What to do. From the listing below, output the lines between the one with "Cargador inalámbrico de" and the one with "Se necesita 2", including those two, and nothing else. Pictures are not copied.

-- Available data follows --

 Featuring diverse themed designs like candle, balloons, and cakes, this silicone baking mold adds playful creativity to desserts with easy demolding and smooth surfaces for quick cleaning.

-- Available data concluded --
-- Available data follows --

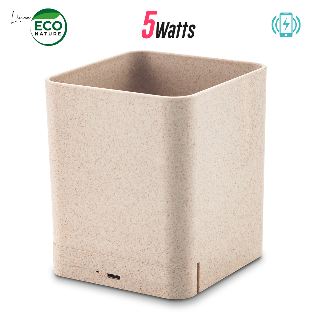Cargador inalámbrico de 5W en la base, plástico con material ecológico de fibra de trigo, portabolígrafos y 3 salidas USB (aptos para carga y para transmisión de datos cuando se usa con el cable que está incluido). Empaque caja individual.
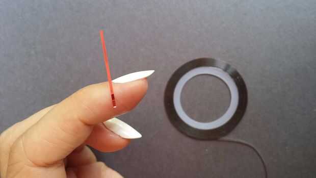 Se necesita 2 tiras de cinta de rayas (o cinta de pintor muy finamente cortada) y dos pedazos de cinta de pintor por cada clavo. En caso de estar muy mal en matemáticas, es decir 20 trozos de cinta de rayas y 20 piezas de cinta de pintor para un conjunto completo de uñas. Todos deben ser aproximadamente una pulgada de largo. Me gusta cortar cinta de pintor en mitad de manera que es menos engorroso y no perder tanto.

-- Available data concluded --

The answer.
Cargador inalámbrico de 5W en la base, plástico con material ecológico de fibra de trigo, portabolígrafos y 3 salidas USB (aptos para carga y para transmisión de datos cuando se usa con el cable que está incluido). Empaque caja individual.
 Se necesita 2 tiras de cinta de rayas (o cinta de pintor muy finamente cortada) y dos pedazos de cinta de pintor por cada clavo. En caso de estar muy mal en matemáticas, es decir 20 trozos de cinta de rayas y 20 piezas de cinta de pintor para un conjunto completo de uñas. Todos deben ser aproximadamente una pulgada de largo. Me gusta cortar cinta de pintor en mitad de manera que es menos engorroso y no perder tanto.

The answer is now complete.